It may surprise you to know that inflammation is necessary and essential. It’s a healthy, crucial immune response to an attack to your body. Without inflammation, you could not heal and recover from an illness, injury, the exposure to allergens or toxins, or from the blow of emotional stress.
Inflammation should be short-lived, but it is sometimes chronic. It goes on and on and becomes the problem. Symptoms of chronic inflammation are low-level, persistent fatigue, joint and muscle pain, sleep difficulties, and mild anxiety and depression. Years of chronic inflammation hasten the onset of the leading causes of death: heart disease, diabetes, and cancer.
Chronic inflammation can be caused by factors outside of your control, such as an autoimmune disease, exposure to environmental toxins, drug reactions, or a severe injury. But inflammation can also be caused by choices you make. Regularly consuming processed and high-sugar foods, or excess caffeine or alcohol; failing to hydrate properly; getting inadequate sleep; working at a high stress job; or staying in an abusive relationships can put you in a state of unrelenting inflammation.
Millions of people try to control inflammation with non-steroidal anti-inflammatory drugs (NSAIDs) like aspirin, ibuprofen (Advil, Motrin), and naproxen (Aleve). These temporarily reduce pain, but do not reverse chronic inflammation. They also carry risks, most notably ulcers, blood thinning, and kidney damage.

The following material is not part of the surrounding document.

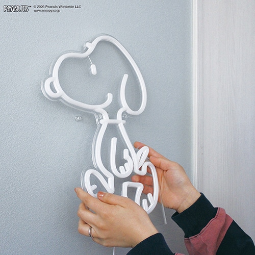 スヌーピーやウッドストックがかわいく光るLEDネオン調ライト。明るさを調整できるので気分に合わせて楽しめます。壁掛けと卓上の2WAY仕様。壁掛け穴サイズ:直径9mm/卓上用スタンド付属/USBケーブル:長さ2m(アダプターは付属しません)/明るさ調整10段階の調光スイッチ付き/屋内専用/個箱入り

If you experience symptoms of chronic inflammation, see your doctor for an evaluation. Blood tests, including IgG food allergy testing, and a physical exam may uncover the source of your symptoms.
Natural medicines and lifestyle changes can help you reverse chronic inflammation:
Increase polyphenols in your diet. Polyphenols are plant compounds that have anti-inflammatory and antioxidant effects on the body. Readily available polyphenol-rich foods include berries, apples, grapes, leafy greens, and onions. Supplement your fruit and vegetable-based polyphenol consumption with flax oil: 2,000 milligrams (mg) daily with food, and green tea: 12 ounces daily, best hot and consumed away from meals.
Walking regularly reduces inflammation. Try to walk at a moderate pace for at least 150 minutes each week.
Try boswellia. Also known as Indian frankincense, the resin of the Boswellia shrub is a botanical medicine with a long history of use in Ayurvedic (traditional Indian) medicine to treat inflammation, arthritis, and pain. A typical dose: 300 mg to 600 mg daily. It is generally safe for most people, but if you are taking prescription anti-inflammatories or NSAIDs repeatedly, talk with your health-care provider before starting Boswellia.
Massage, stretching, and yoga alleviate emotional stress and reduce inflammation in muscles and joints. Yin yoga is a slower paced yoga that I’ve seen be very helpful in calming the body and reducing hip and low back pain.
Tryptophan helps cut inflammation by improving sleep and reducing anxiety. It increases the production of serotonin, your natural good mood neurotransmitter. Tryptophan is available in two forms. Take 500 mg L-tryptophan OR 50 mg 5 HTP away from food, at bedtime, daily.
Note: if you are taking anti-depressant or anti-anxiety medication, do not take any form of tryptophan without first consulting with your health-care provider.